Updated 6 days ago on . Most recent reply
Seeking advice about financing a 25-unit townhouse development.
Hello all. For the past three or so years we've been developing and selling single family homes. All is well. We are the general contractor so our costs are controlled. We have been purchasing the land outright and financing construction through 12-month construction balloon loans with hard money lenders.
An opportunity has presented itself to develop twenty-five townhouses. But we are unsure how to finance a project of this size. Does anyone have any experience with this or advise to lend?

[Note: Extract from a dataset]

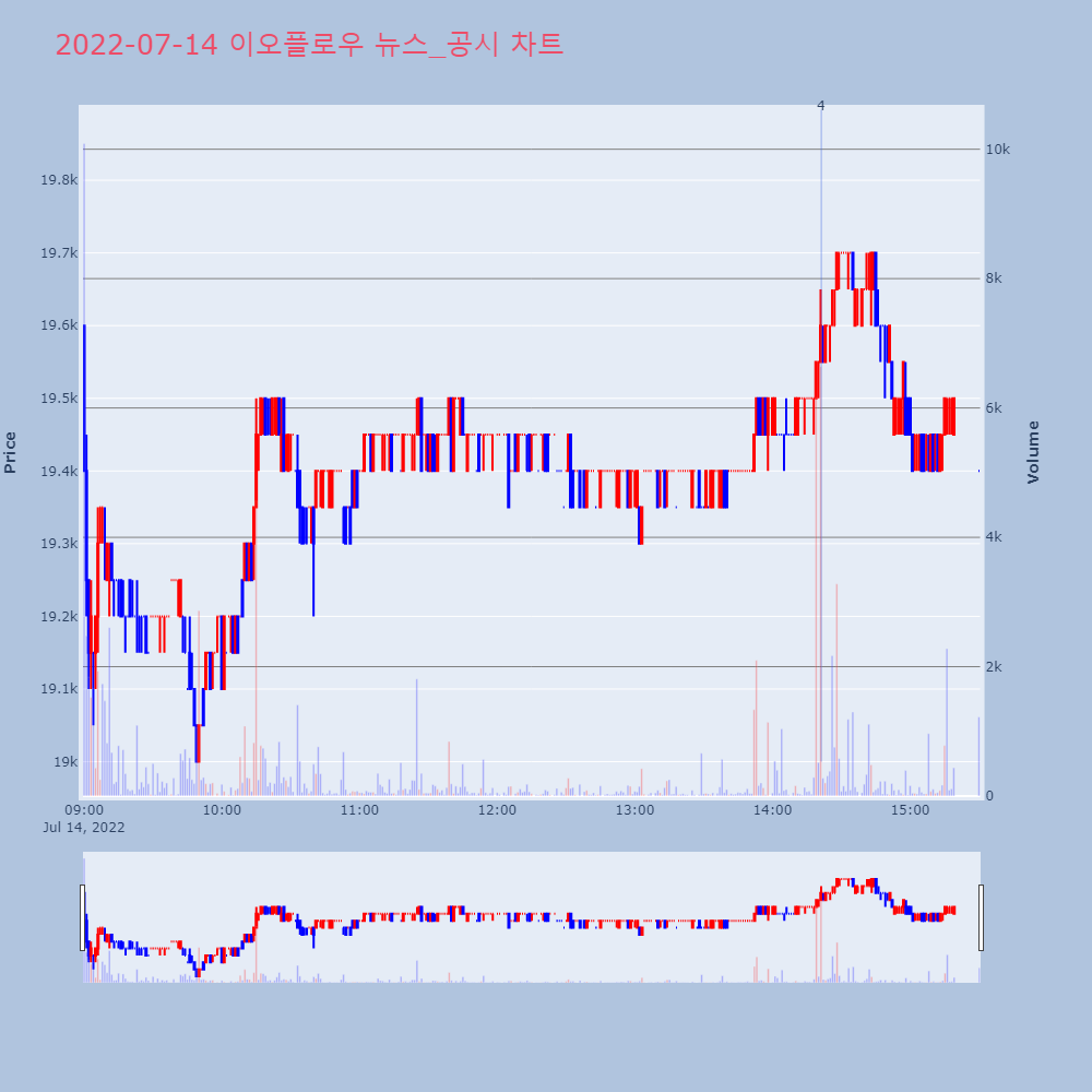 | 2 | 이오플로우 수주공시 - 이오패치 생산라인 구축을 위한 장비 및 기술지원 07월 13일 이오플로우(294090)는 수주공시를 | 한경/증권 | 이오플로우 | 2022-07-13 16:15:30 |

My hard money lender says it's a no-go because they only to loans with twelve month terms and it will take me longer than twelve months. Should I reach out to a community bank or a large bank? We'd like to finance the land acquisition (roughly $1.2 million) as well as construction. Any advice or thoughts would be helpful. Thanks!
Most Popular Reply
At that size, you’re probably moving out of the typical hard money world and into bank or debt fund construction financing.

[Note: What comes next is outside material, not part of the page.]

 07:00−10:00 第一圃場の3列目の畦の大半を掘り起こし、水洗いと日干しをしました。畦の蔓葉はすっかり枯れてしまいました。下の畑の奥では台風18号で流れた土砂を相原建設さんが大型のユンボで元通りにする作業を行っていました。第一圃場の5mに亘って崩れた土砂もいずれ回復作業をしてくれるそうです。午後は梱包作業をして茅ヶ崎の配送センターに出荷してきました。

A 25-unit townhouse project is usually going to need a lender that’s comfortable with longer timelines, phased draws, horizontal development risk, and absorption assumptions. A lot of 12-month hard money lenders simply aren’t built for that.

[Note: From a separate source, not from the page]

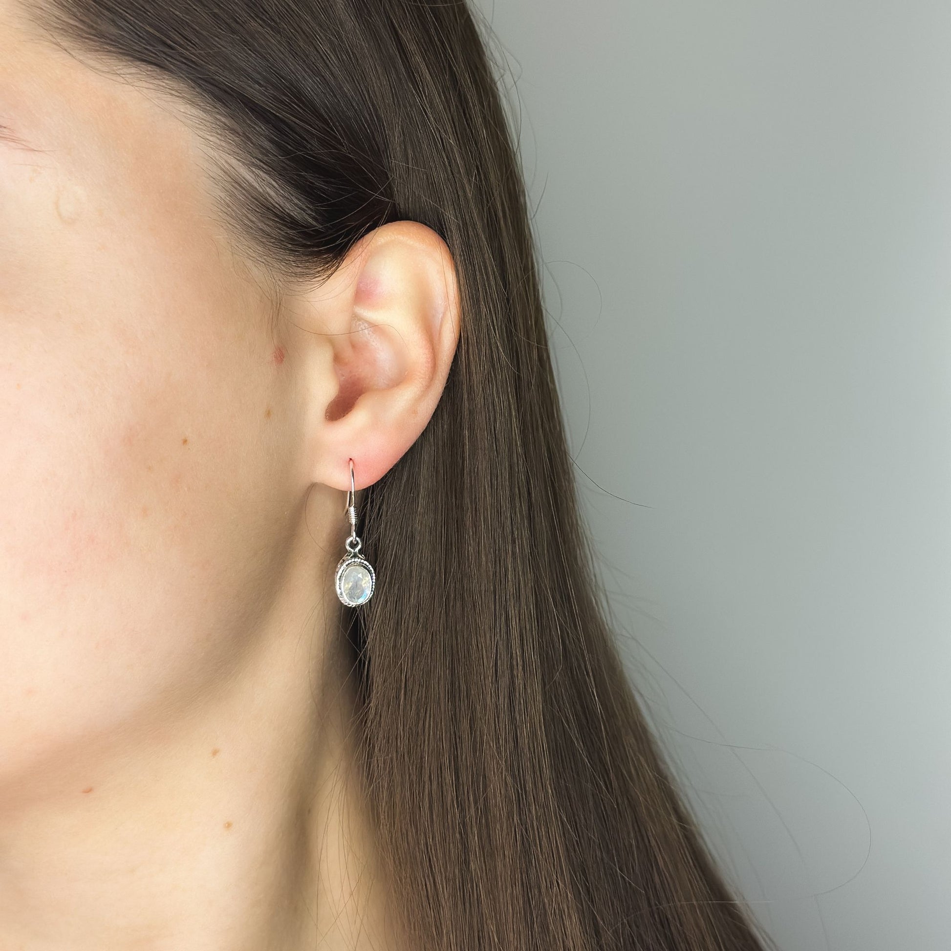 Pendientes de piedra lunar de plata de ley

Based on what you described, I’d absolutely be speaking with community banks, regional banks, and residential construction lenders that do build-to-sell projects. Debt funds could also be an option depending on leverage and experience level, although pricing is usually higher.
The good thing is you already have a track record building and selling homes, and being the GC helps quite a bit from a lender’s perspective since you have more control over execution and costs.
The biggest things lenders are likely going to focus on are total equity into the deal, projected sellout pace, contingency reserves, and whether the project can be phased efficiently instead of building all 25 units at once.